● PROVIDED DATA:
=== Begin Enclosure ===

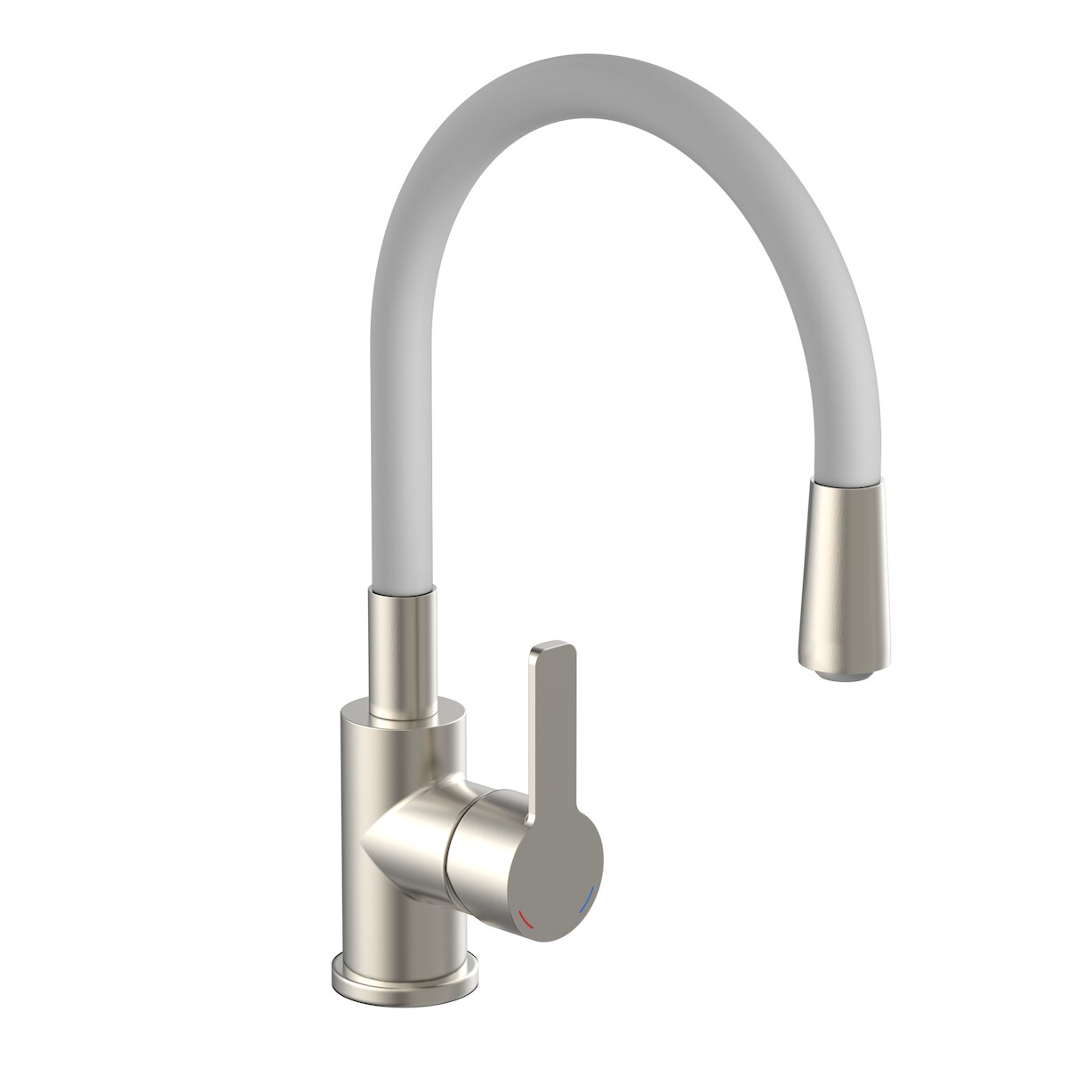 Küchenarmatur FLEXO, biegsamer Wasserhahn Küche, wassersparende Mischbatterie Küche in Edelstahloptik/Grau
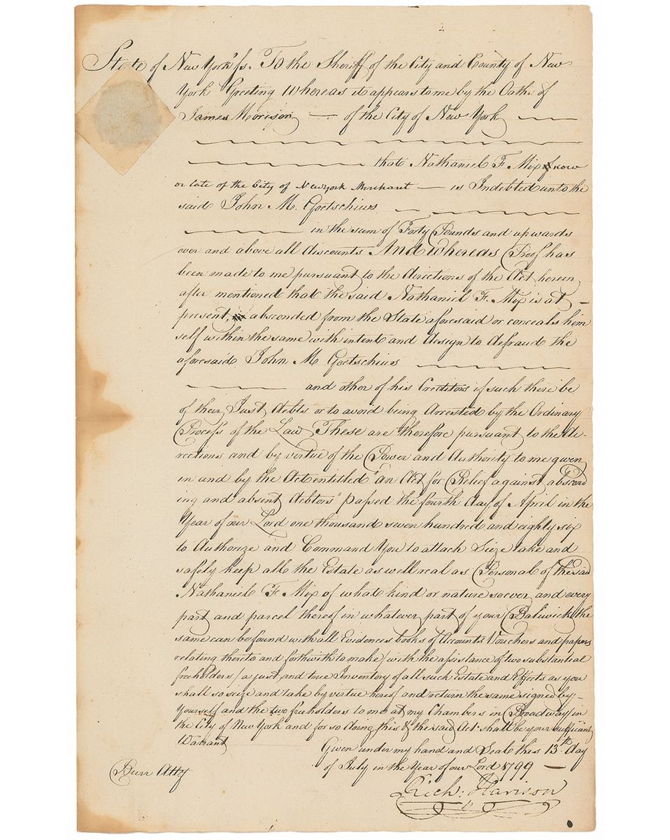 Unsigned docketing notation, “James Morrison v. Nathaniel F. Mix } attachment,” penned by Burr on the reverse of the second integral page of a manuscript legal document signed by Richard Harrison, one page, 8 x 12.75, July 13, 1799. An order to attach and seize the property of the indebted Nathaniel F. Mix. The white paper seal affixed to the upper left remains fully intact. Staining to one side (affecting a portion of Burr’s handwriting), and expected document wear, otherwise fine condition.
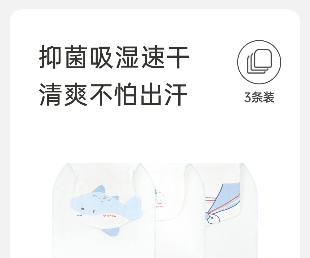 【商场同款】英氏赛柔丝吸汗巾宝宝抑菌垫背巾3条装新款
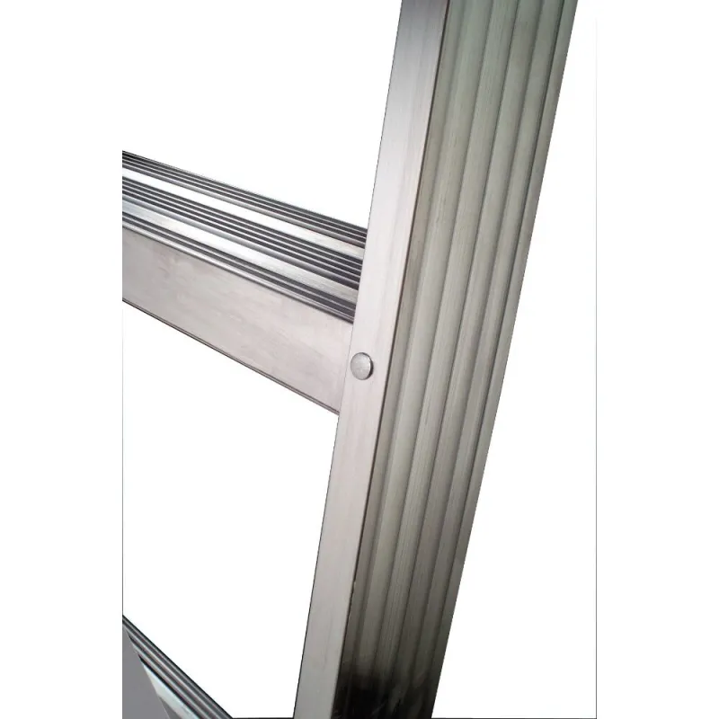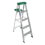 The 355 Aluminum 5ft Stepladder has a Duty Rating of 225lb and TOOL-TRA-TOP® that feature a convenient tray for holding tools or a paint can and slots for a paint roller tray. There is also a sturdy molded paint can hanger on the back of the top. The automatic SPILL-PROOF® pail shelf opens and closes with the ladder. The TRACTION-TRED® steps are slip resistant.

=== End Enclosure ===

Please provide a faithful transcription of all the data, pictures excluded.

● EXERCISE SOLUTION:
 Küchenarmatur FLEXO, biegsamer Wasserhahn Küche, wassersparende Mischbatterie Küche in Edelstahloptik/Grau
 Unsigned docketing notation, “James Morrison v. Nathaniel F. Mix } attachment,” penned by Burr on the reverse of the second integral page of a manuscript legal document signed by Richard Harrison, one page, 8 x 12.75, July 13, 1799. An order to attach and seize the property of the indebted Nathaniel F. Mix. The white paper seal affixed to the upper left remains fully intact. Staining to one side (affecting a portion of Burr’s handwriting), and expected document wear, otherwise fine condition.
 【商场同款】英氏赛柔丝吸汗巾宝宝抑菌垫背巾3条装新款
 The 355 Aluminum 5ft Stepladder has a Duty Rating of 225lb and TOOL-TRA-TOP® that feature a convenient tray for holding tools or a paint can and slots for a paint roller tray. There is also a sturdy molded paint can hanger on the back of the top. The automatic SPILL-PROOF® pail shelf opens and closes with the ladder. The TRACTION-TRED® steps are slip resistant.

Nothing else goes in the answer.